If you look at more recent developments in physics, you find the same kind of scientific creeping forward — approaching, but never quite reaching the ultimate unknowable. For example, string theory could unify all the forces together — strong and weak nuclear forces, electromagnetic force and gravity. But physicists remain a long way off from a final solution.

“String theory has provided some deep mathematical ideas about how that might work,” said Weinberg to Quanta. “But we’re far from being able to verify the theory — much further than we were from verifying the electroweak theory 40 years ago.”

Some physicists may dream of one day having a unifying theory of the universe that fits on a t-shirt. But we may never be able to completely explain the universe in such simplistic terms, no matter how many questions we ask.
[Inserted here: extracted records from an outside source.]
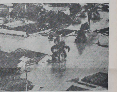
Pomoc ze wszystkich stanów Brazylii dla 300 tys. powodźian w Paranie, Santa Catarina i Rio Grande do Sul dochodzi w nieoczekiwanej skali w postaci odzieży, żywności i lekarstw. Setki tys. ton przewożą samoloty i helikoptery ze względu na przerwanie komunikacji drogowej. Wszelkie instytucje państwowe i prywatne, nie licząc inicjatyw różnych towarzystw i syndykatów, rozwijają żywą kampanię, by dostarczyć miejscowym władcom pomoc pieniężną. Ogromne zaś szkody materialne ocenia się na kilkadziesiąt miliardów kruczeirów. — Zdjęcie: União da Vitória pod wodą.

W konkluzji — amerykańskie instytucje prasowe stwierdzają, że — poza krajami Bloku Wschodniego — w żadnych innych krajach kategoria dziennikarska jest tak trudna i ograniczona jak w większości państw Ameryki Łacińskiej.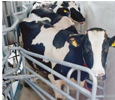
La salle de traite en épi 30° DeLaval garantit une bonne position des vaches pendant la traite.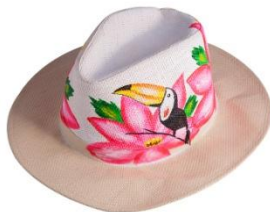
κα πε λό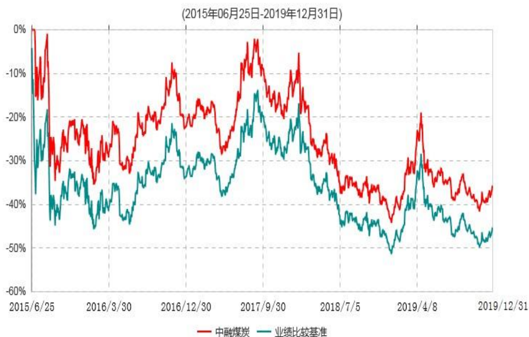
中融中证煤炭指数分级证券投资基金累计净值增长率与业绩比较基准收益率历史走势对比图

注：按基金合同和招募说明书的约定，本基金自基金合同生效日起6个月内为建仓期，建仓期结束时本基金的各项投资比例符合基金合同的有关约定。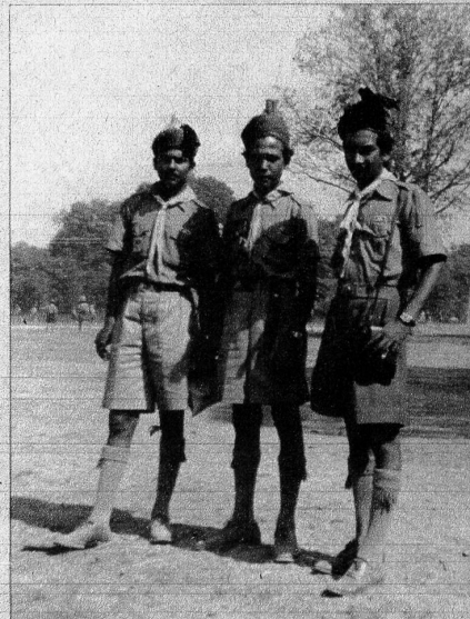
Drei Pfader der indischen Delegation. Alle Klassenunterschiede sind verschwunden

Amitié des Jeunes - Paix des Hommes! ME II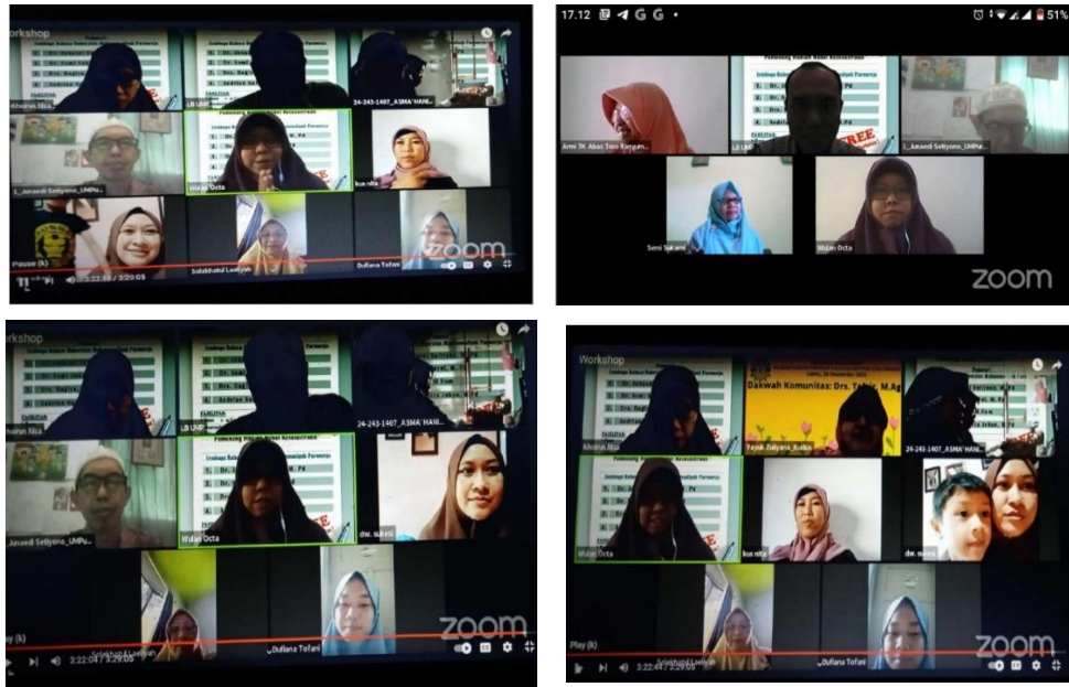
Gambar 3. Suasana Pemaparan Materi Pengabdian

Setelah sesi pemaparan dari tim selesai, sesi yang berikutnya adalah sesi tanya-jawab dan opini atau komentar. Di sesi ini, para peserta workshop melakukan tanya-jawab mengenai materi yang sudah selesai disampaikan. Setelah itu tim juga memberi waktu bagi peserta untuk memberikan opini atau komentar tentang materi yang sudah mereka terima. Pada sesi ini, narasumber menjawab pertanyaan dari peserta dan menanggapi opini atau komentar dari peserta kegiatan. Sesi selanjutnya, yang merupakan kelanjutan dari pemberian waktu bagi peserta untuk beropini atau berkomentar tentang materi workshop, dikhususkan untuk mencermati substansi umpan balik dari para peserta. Pencermatan dibagi menjadi tiga indikator ketercapaian yang meliputi ketertarikan pada penyampaian materi, pemahaman materi, dan pendapat mengenai pentingnya materi bagi kegiatan penulisan mereka.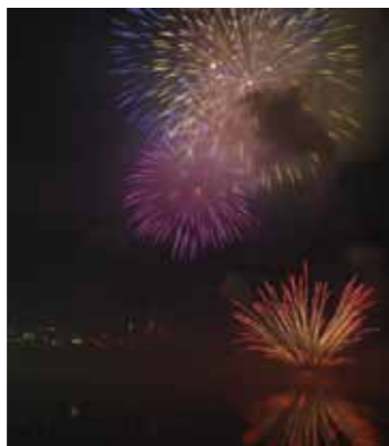
▲湖面にも光が映る水上花火

大正百年を記念した花火大会。夜空と湖面が彩られる恵那峡の花火大会は、水上花火と打ち上げ花火の共演が見もの。恵那峡の峡谷に迫力のある音が響きわたります。放生会、灯笼流し、水上花火大会を行います。 □とき 7月30日(土)▽放生会、灯笼流し▽午後7時▽水上花火大会▽午後8時 問 市観光協会 ☎25-4058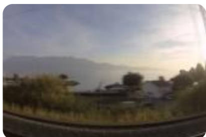
Vidéo par Emmanuel Ravalet

Du même auteur - Voir toutes ses publications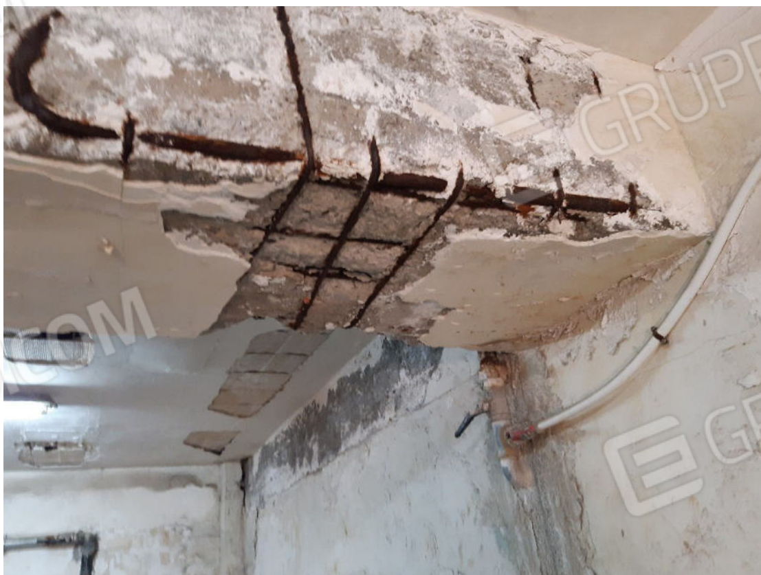
Figura 52: cono ottico 52 – Garage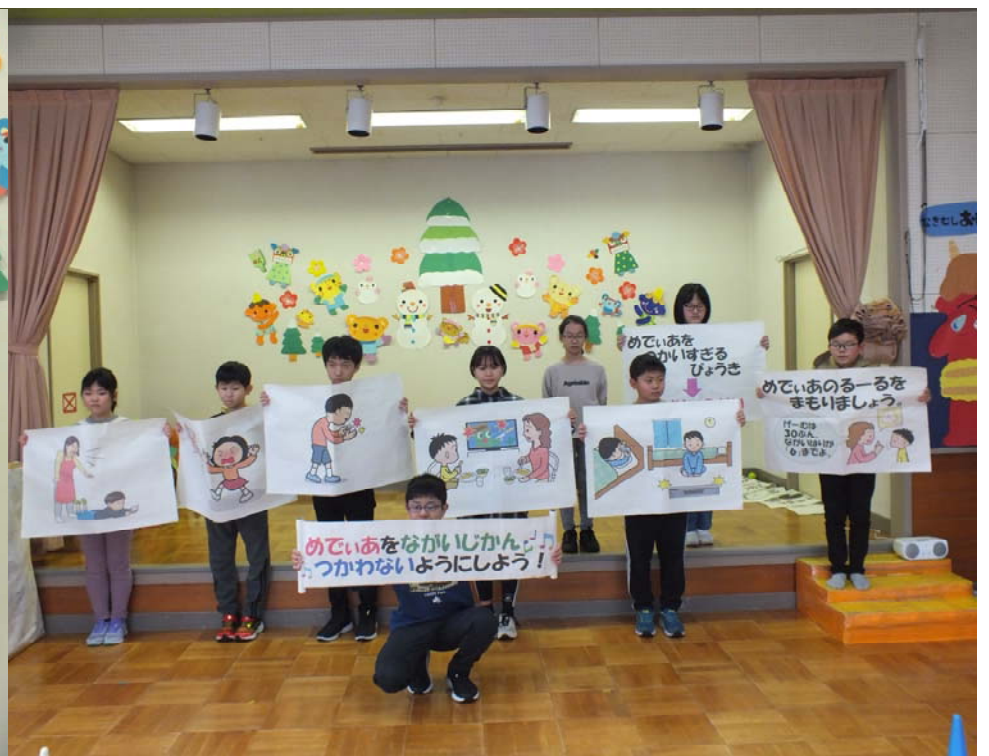
1 / 15 (月) 保健委員会 メディアコントロールよびかけ (沼館保育所)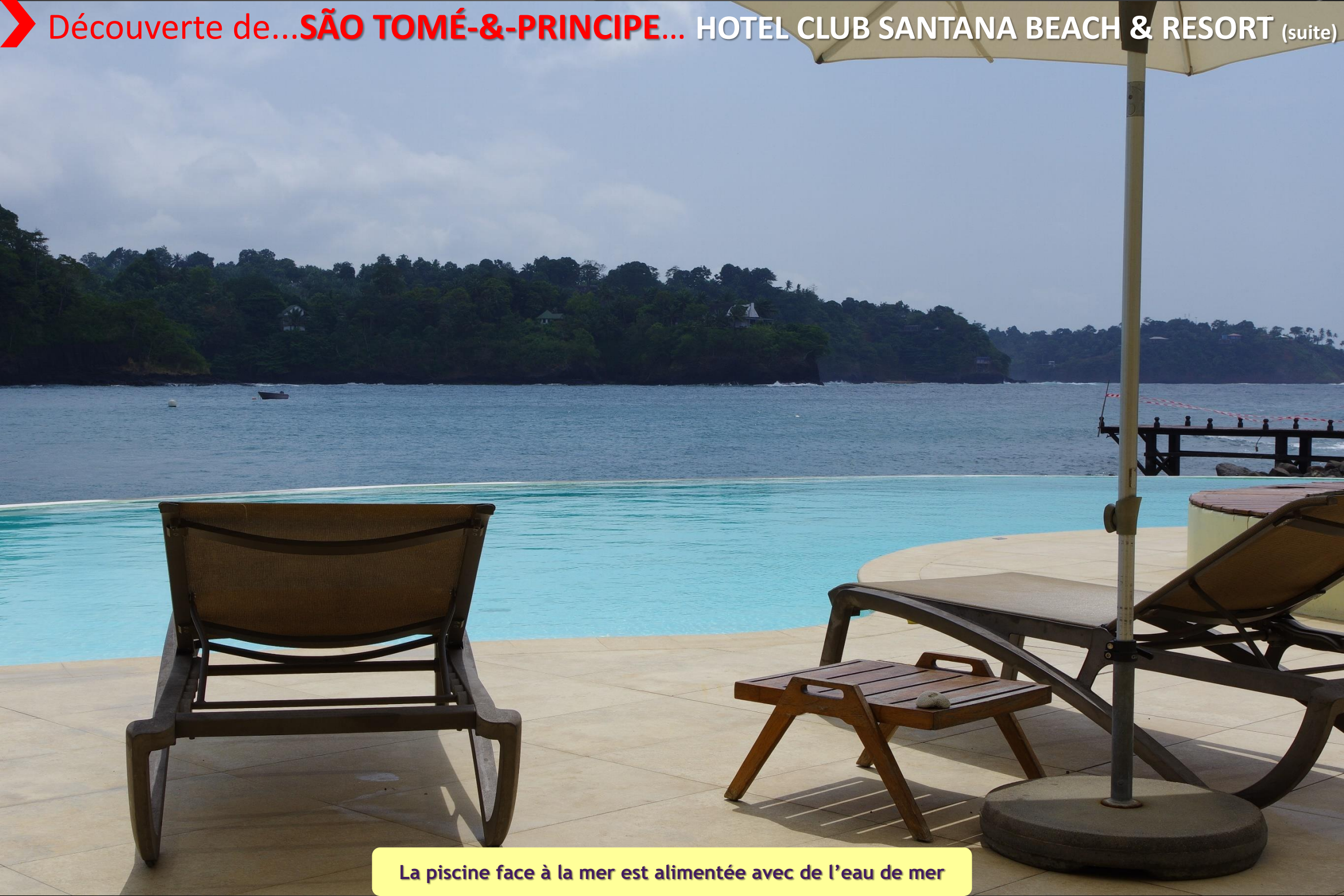
La piscine face à la mer est alimentée avec de l'eau de mer

The universe simply may not fit any framework humans can devise. Science offers joy, but not certainty. “Like me,” he writes, “most physicists today are resigned to the fact that we will always have to wonder why our deepest theories are not something different.”“Like me,” writes Weinberg in his book, “most physicists today are resigned to the fact that we will always have to wonder why our deepest theories are not something different.”